Pending before the court is petitioner Rodney Whiting's ("Whiting") Motion to Vacate, Set Aside, or Correct his 84-month sentence of imprisonment imposed on April 17, 2017. (Doc. 145). Whiting is currently serving his prison sentence at FCI Fort Dix, New Jersey. Whiting's motion is filed pursuant to 28 U.S.C. §2255 and is based upon the Supreme Court's decision in United States v. Davis, — U.S. —, 139 S.Ct. 2319, 204 L.Ed.2d 757 (2019) (holding that the residual clause of 18 U.S.C. §924(c)(3)(B) is unconstitutionally vague and violated the Due Process Clause). Whiting claims that his conviction and sentence on Count 3 for a violation of 18 U.S.C. §924(c) must be vacated because his predicate offense of Hobbs Act robbery can no longer be considered a crime of violence. As relief, Whiting requests the court to vacate his conviction and sentence for a violation of §924(c) arguing that it violates his due process rights based on Davis. For the following reasons, Whiting's motion, (Doc. 156), will be DENIED.

I. BACKGROUND1

On March 15, 2016, an Indictment was filed against Whiting and his three co-defendants, Tracy Whiting, Kwa'Shone Roane, and Kelvin Robinson, based on their alleged involvement in a robbery of the Econo Lodge in Scranton, Pennsylvania, on February 13, 2016. (Doc. 1). The Indictment charged all four defendants with the following offenses: Count 1, Conspiracy to Commit Interference with Commerce by Robbery, in violation of 18 U.S.C. §1951; Count 2, Interference with Commerce by Robbery, in violation of 18 U.S.C. §1951 ("Hobbs Act" robbery); and Count 3, Use of a Firearm During and in Furtherance of a Crime of Violence, in violation of 18 U.S.C. §924(c). Counts 2 and 3 also included Aiding and Abetting, in violation of 18 U.S.C. §2, and Pinkerton liability.

On October 6, 2016, Whiting executed a written plea agreement. (Doc. 84). On October 18, 2016, Whiting pled guilty to Count 3 of the Indictment. Specifically, Count 3 charged that on February 13, 2016, Whiting and his three co-defendants, aiding and abetting each other, did knowingly use, carry, brandish and possess firearms, namely, handguns, during and in relation to, and in furtherance of, a crime of violence, that is, the interference with commerce by robbery, committed at the Econo Lodge, 1175 Kane Street, Scranton, Pennsylvania, a violation of 18 U.S.C. §1951 and §924(c)(1)(A). (Doc. 1).2

After Whiting's guilty plea, the court directed that a presentence investigation report ("PSR") be prepared. The PSR was filed on February 10, 2017. (Doc. 120).

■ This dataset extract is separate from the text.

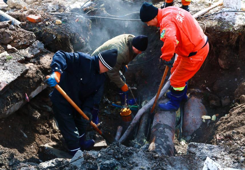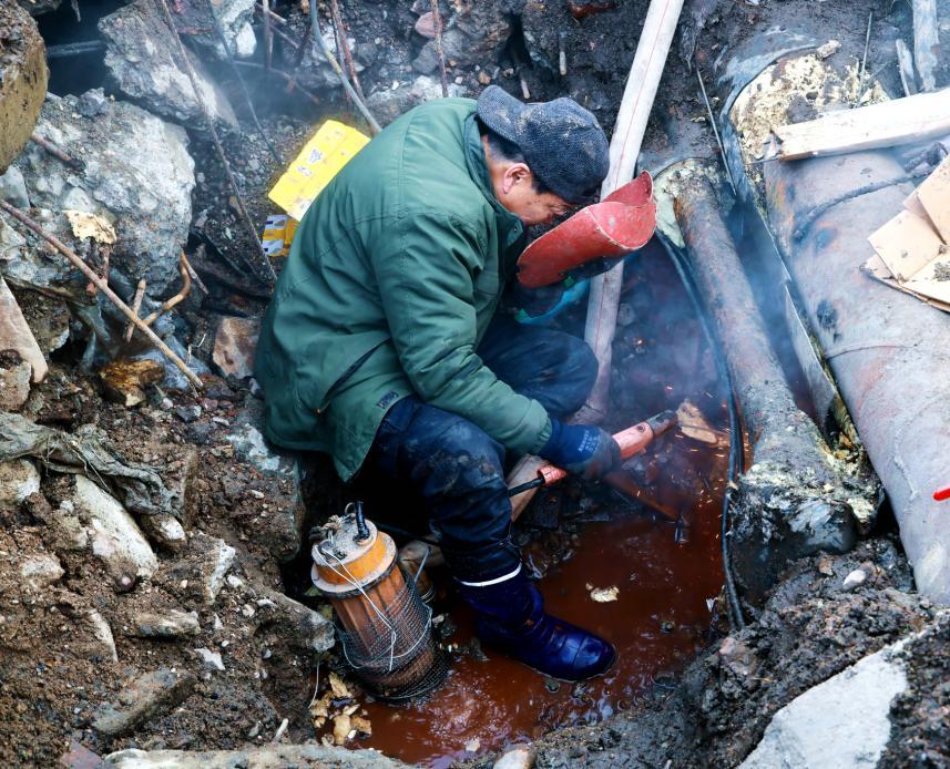 搶修現(xiàn)場,機械與人力協(xié)同發(fā)力。小型挖掘機破土作業(yè),挖開近2米深的作業(yè)面,精準(zhǔn)定位蒙板漏水點。10余名搶修人員腳穿水靴,一邊操作水泵排水,一邊用鍬鎬擴大作業(yè)空間,爭分奪秒推進(jìn)搶修進(jìn)程。為搶抓進(jìn)度,搶修人員放棄午休和周日休息,全程堅守一線,先后完成開口、安裝臨時閥門等關(guān)鍵工序,待供暖主管水凈后,迅速開展焊接作業(yè),精準(zhǔn)修復(fù)10多公分長的破裂處,最終完成焊接、保溫及現(xiàn)場恢復(fù)工作。

With respect to Count 3, the plea agreement indicated that Whiting, aiding and abetting others who, during the commission of the robbery at the Econo Lodge, brandished firearms, and money ($180) was obtained from an employee of the Lodge, against the employee's will, by means of actual and threatened force, violence, and fear of injury to the employee. It was also noted that the facts were foreseeable to Whiting, who drove a rental vehicle to the robbery scene and was the "get away" driver, since he had advanceknowledge that his accomplices would use, possess, and carry firearms during, in relation to, and in furtherance of the robbery. The PSR indicated that Whiting admitted that his cousin, Tracy Whiting, and his friends, Kelvin Robinson and Kwa'Shon Roane came to Scranton to visit him and, that they discussed committing a robbery. Whiting then drove his cousin and their friends to the Econo Lodge and, he believed that all three men possessed firearms when they exited the vehicle. The PSR also indicated that surveillance video from the Lodge showed the robbers brandishing handguns and forcing the employee behind the counter at gunpoint and stealing money from a cash register. (PSR ¶'s 7-11).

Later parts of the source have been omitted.